I was always under the impression that you cannot find a Maclaurin series expansion for lnx, presumably the reason being is that you can't define the derivative of lnx at x=0 and so the formula fails.

I was searching for something else when i came across this on a website, can anyone help me see how this expansion for lnx has been attained? Is this considered a Maclaurin expansion?




(It's off a website called math24.net)

 

[HallsofIvy]

(7) is NOT a "MacLaurin series". And it isn't just that "the derivative does not exist a x= 0". ln(x) itself does not exist at x= 0.

 

[apple2357]

So how is that expansion for lnx established? Is it around a different point? like x=1

 

[Dr.Peterson]

So how is that expansion for lnx established? Is it around a different point? like x=1

See if this helps: https://en.wikipedia.org/wiki/Natural_logarithm#Series They derive your series 7 more or less the way I imagined doing it.

 

[apple2357]

Thanks!

 

[HallsofIvy]

So how is that expansion for lnx established? Is it around a different point? like x=1

There are 3 "expansions for ln(x)" given.

 

[apple2357]

There are 3 "expansions for ln(x)" given.

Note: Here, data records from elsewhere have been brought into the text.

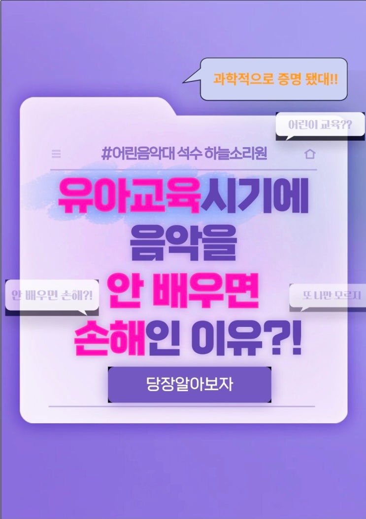 석수동(충훈부)음악학원에서는 한곳에 정착하여 다년간(18년간) 5세부터 실버까지 수업을 하고 있으며 오늘은 유아기때 음악을 접하게 되면 나타나는 아주 좋은 정보들을 드리려고 합니다. 유아기는 ‘뇌 발달의 황금기’로, 음악을 듣고 즐기는 활동자체만으로도 신체·인지·언어·정서 발달을 촉진하는 자극이 된다는 과학적으로 증명이 되었다는것도 알려드립니다. 우리 소중하고 귀한 아이들의 중요한 시기에 음악을 접하며 행복 자원이 많아질 수 있길 바랍니다. 아이에게 음악교육 이란? 세르반테스의 ‘음악이 있는 곳에 악이 있을 수 없다’는 말이나 플라톤의 ‘음악과 리듬은 영혼의 비밀 장소로 파고든다’는 명언을 인용하지 않더라도....... <img src="https://blogthumb.pstatic.net/MjAyNjAzMDhfMjQx/MDAxNzcyOTY1NjkzMzMz.i4HVZjSsSbEo3VDmwaLEoQi3X1V8U5bkVruPsTdznukg.FgxwK0rKsdbGJ5t3seF9blyzmEVNuRI5n4f_GW4BUkUg.JPEG/%C7%D0%BF%F8%C8%AB%BA%B81.jpg?type=s3" />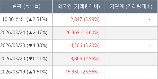 [표] 외국인ㆍ기관 순매매량 (단위 주)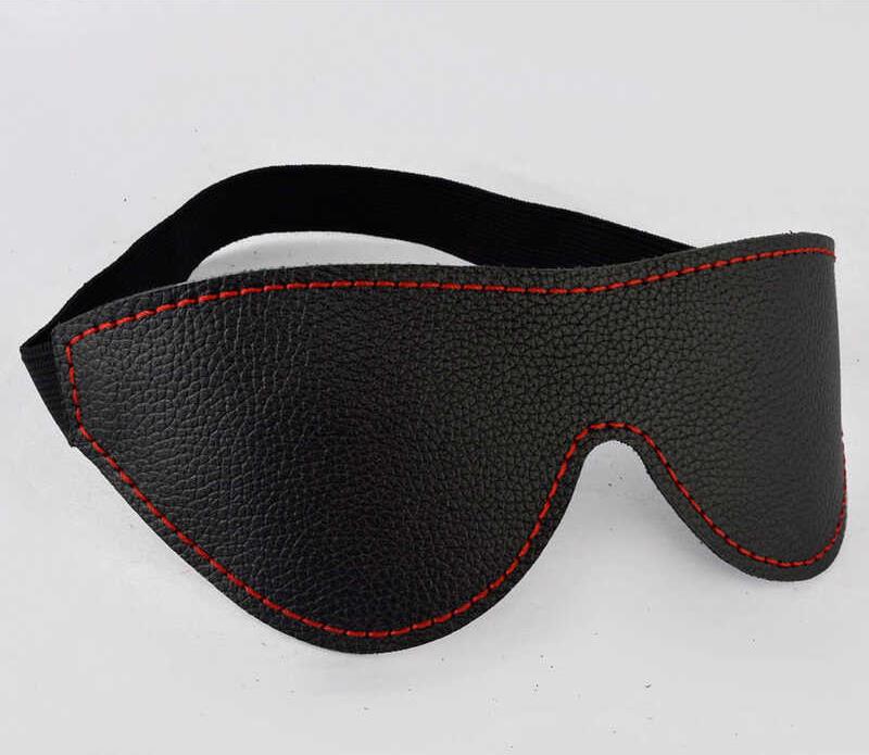 Черная маска изготовлена из натуральной кожи и дополнена красной декоративной строчкой.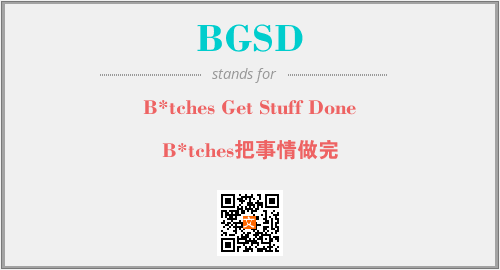 上述内容是“B*tches Get Stuff Done”作为“BGSD”的缩写,解释为“B*tches把事情做完”时的信息,以及英文缩略词BGSD所代表的英文单词,其对应的中文拼音、详细解释以及在英文中的流行度和相关分类、应用领域及应用示例等。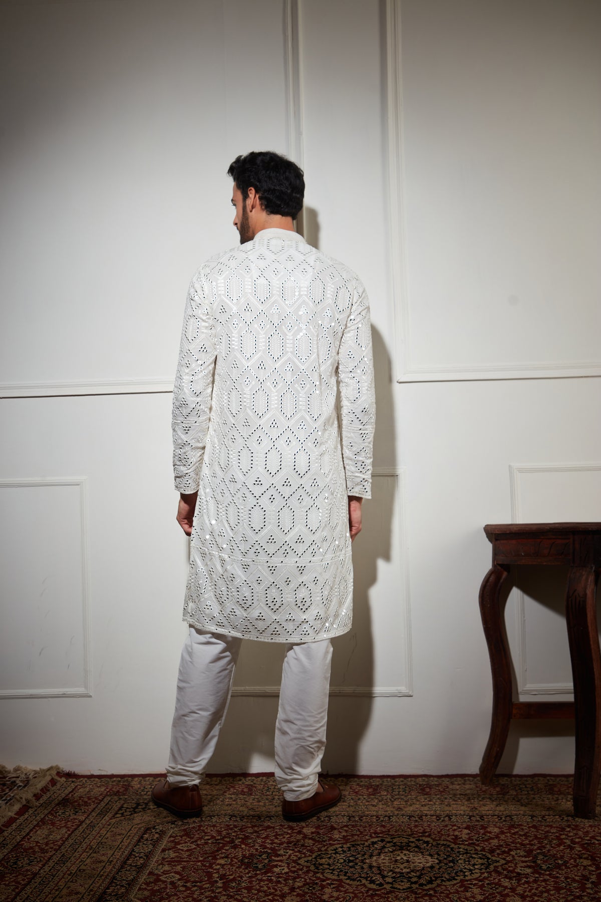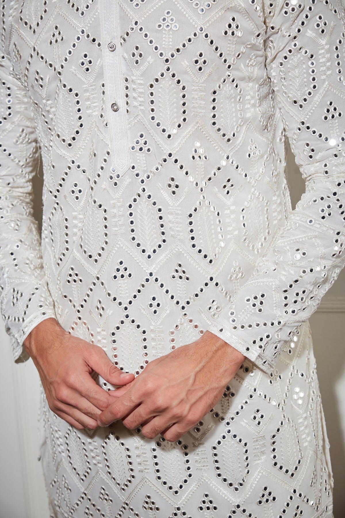 Mirror Sequence work white kurta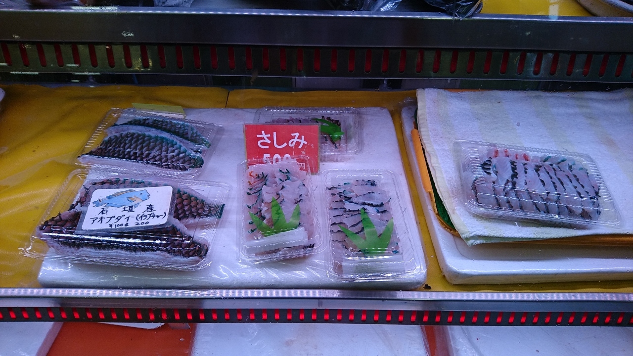 部屋食のつまみにイラブーチャーの刺身を購入、パックにぎっしり詰まっていて500円でした。

I can see how 5 & 6 can be established. Using the Maclaurin formula to get 5 and use log laws to get 6 from 5 ( for example). I couldn't see how 7 could be got from either the Maclaurin formula nor from 5 & 6. However, Dr P has helped with his link, which i will have a detailed look at later!

 

[apple2357]

Actually i think i can see how 7 could be established from 6 now! you are essentially replacing (1+x)/(1-x) and doing some rearranging?

 

[Dr.Peterson]

Actually i think i can see how 7 could be established from 6 now! you are essentially replacing (1+x)/(1-x) and doing some rearranging?

Exactly. You can also think of it in terms of the inverse of f(x) = (1+x)/(1-x), which turns out to be very interesting ...

 

[Cubist]

To give an idea of the accuracy I plotted "ln(x) - <series 7>" for 3, 5, 7 and 9 terms (red to blue)...

 

[Cubist]

Exactly. You can also think of it in terms of the inverse of f(x) = (1+x)/(1-x), which turns out to be very interesting ...

I didn't initially get this. I forgot about how you find an inverse function . For us forgetful people you need to write...

y = (1 + x)/(1 - x)

And rearrange to x = <something in terms of y>

Doing this really reveals the link between series 6 and 7 in the list.